SOURCE MATERIAL section start

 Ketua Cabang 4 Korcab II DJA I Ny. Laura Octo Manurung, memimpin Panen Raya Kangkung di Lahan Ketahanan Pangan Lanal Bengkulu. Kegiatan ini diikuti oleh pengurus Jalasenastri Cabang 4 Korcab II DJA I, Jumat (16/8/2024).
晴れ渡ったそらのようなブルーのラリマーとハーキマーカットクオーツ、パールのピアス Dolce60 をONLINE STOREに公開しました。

SOURCE MATERIAL section end
SOURCE MATERIAL section start

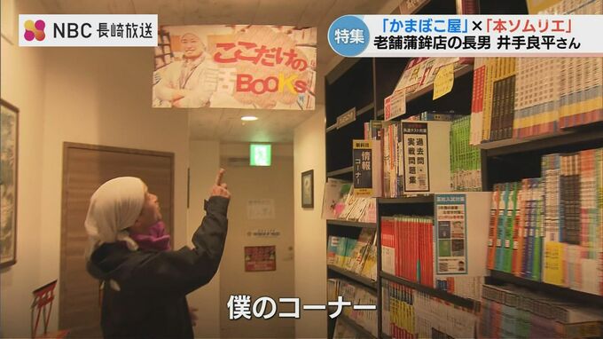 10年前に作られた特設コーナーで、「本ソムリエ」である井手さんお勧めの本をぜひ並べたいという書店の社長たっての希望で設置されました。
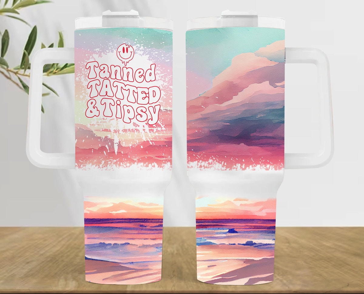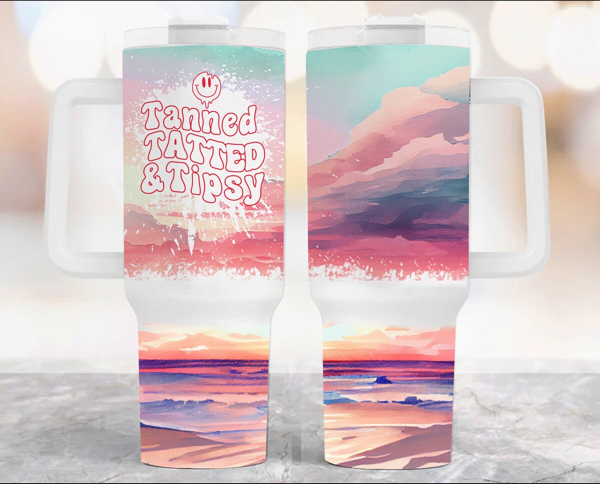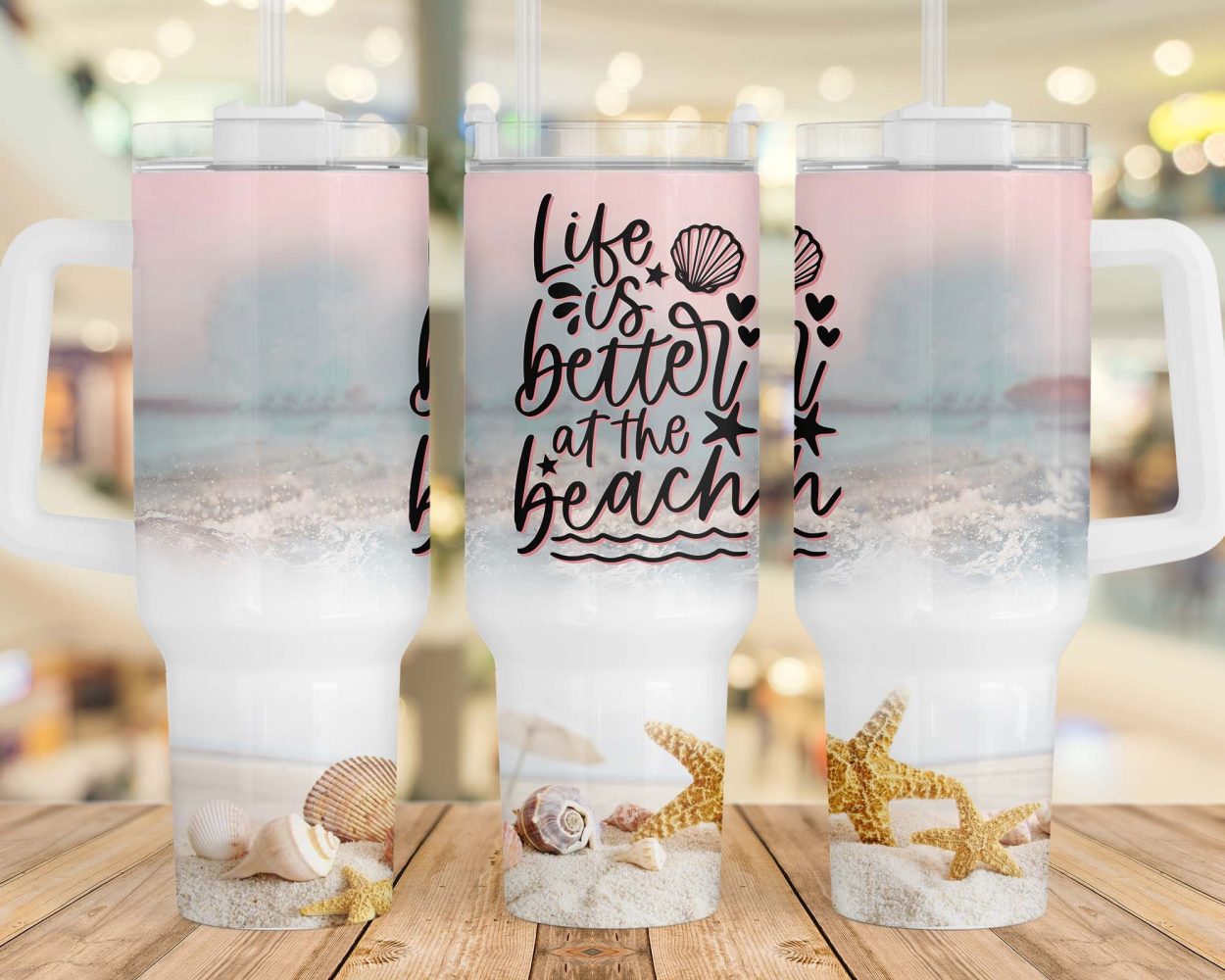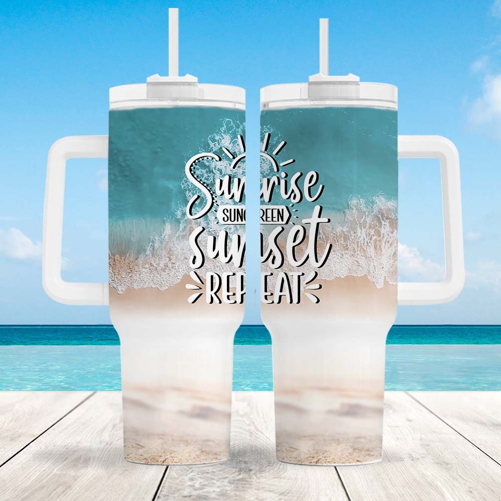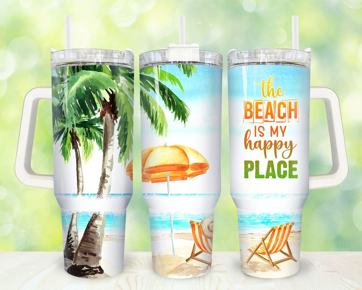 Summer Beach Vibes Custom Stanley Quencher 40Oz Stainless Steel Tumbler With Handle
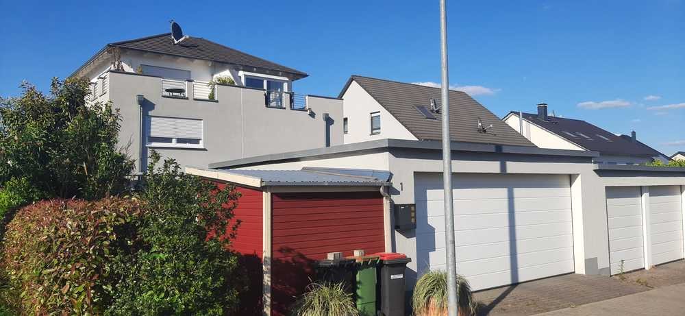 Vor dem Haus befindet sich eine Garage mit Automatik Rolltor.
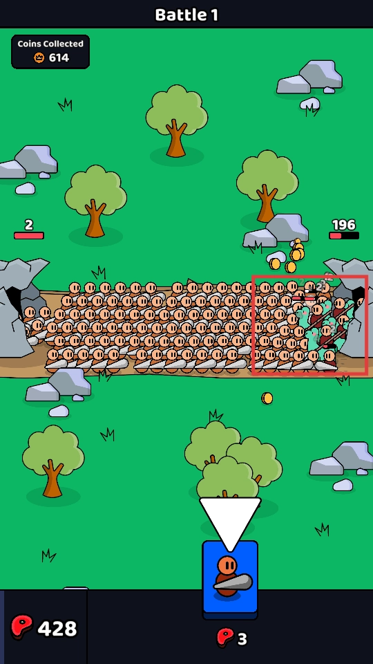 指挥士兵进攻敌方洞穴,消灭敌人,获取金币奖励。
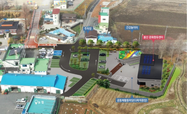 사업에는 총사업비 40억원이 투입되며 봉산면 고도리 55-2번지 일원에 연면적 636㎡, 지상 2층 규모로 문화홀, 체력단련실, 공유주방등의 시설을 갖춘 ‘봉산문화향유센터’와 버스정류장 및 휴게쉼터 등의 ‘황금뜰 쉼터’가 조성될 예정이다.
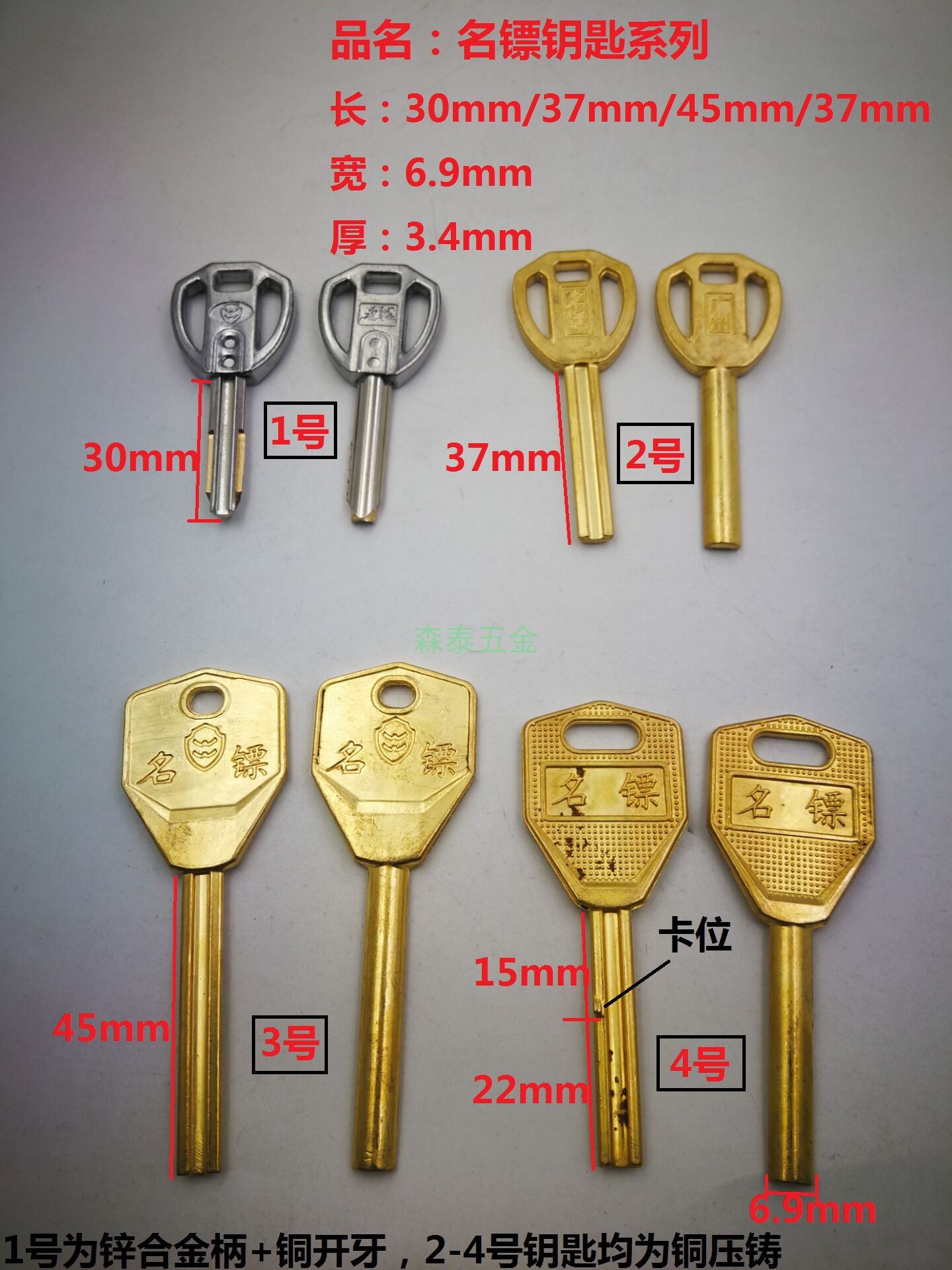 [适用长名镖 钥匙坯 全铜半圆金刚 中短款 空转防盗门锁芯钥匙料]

SOURCE MATERIAL section end
SOURCE MATERIAL section start

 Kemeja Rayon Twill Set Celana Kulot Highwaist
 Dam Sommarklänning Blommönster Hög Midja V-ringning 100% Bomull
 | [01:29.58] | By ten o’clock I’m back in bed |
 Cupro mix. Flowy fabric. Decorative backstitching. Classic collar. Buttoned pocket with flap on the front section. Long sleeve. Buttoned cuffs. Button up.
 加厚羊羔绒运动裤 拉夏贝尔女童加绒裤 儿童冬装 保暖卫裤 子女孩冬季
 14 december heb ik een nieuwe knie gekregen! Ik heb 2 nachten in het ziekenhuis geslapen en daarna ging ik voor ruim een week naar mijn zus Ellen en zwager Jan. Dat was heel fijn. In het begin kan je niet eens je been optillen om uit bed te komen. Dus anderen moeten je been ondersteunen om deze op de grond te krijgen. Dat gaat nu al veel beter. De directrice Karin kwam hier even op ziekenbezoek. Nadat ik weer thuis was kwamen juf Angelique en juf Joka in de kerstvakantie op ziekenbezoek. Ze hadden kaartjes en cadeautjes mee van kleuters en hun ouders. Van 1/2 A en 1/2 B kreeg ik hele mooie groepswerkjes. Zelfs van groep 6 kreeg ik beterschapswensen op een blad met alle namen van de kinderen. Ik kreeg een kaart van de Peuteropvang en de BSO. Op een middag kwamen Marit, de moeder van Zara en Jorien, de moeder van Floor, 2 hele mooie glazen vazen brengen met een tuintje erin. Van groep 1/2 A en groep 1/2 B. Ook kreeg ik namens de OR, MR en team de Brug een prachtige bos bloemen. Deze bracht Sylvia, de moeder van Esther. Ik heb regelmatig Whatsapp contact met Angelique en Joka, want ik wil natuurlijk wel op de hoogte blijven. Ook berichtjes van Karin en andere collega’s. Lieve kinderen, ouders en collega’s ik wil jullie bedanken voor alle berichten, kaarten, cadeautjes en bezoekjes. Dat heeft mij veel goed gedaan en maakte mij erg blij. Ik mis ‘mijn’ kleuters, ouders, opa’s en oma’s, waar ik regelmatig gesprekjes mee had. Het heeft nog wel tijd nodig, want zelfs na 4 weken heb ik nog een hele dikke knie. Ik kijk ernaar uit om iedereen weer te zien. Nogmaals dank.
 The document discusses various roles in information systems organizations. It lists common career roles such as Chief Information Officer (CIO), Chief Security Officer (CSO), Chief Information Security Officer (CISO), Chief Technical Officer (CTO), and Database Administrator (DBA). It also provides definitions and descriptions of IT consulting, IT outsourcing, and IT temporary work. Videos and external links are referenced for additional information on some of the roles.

SOURCE MATERIAL section end

TASK DETAILS - Where a picture appears in the records above, omit it, and transcribe exactly the stretch of lines from the one with "指挥士兵进攻敌方洞穴,消灭敌人,获取金币奖励。" through the one with "[适用长名镖 钥匙坯 全铜半圆金刚 中短款 空转防盗门锁芯钥匙料]".

EXERCISE SOLUTION -
 指挥士兵进攻敌方洞穴,消灭敌人,获取金币奖励。
 사업에는 총사업비 40억원이 투입되며 봉산면 고도리 55-2번지 일원에 연면적 636㎡, 지상 2층 규모로 문화홀, 체력단련실, 공유주방등의 시설을 갖춘 ‘봉산문화향유센터’와 버스정류장 및 휴게쉼터 등의 ‘황금뜰 쉼터’가 조성될 예정이다.
 [适用长名镖 钥匙坯 全铜半圆金刚 中短款 空转防盗门锁芯钥匙料]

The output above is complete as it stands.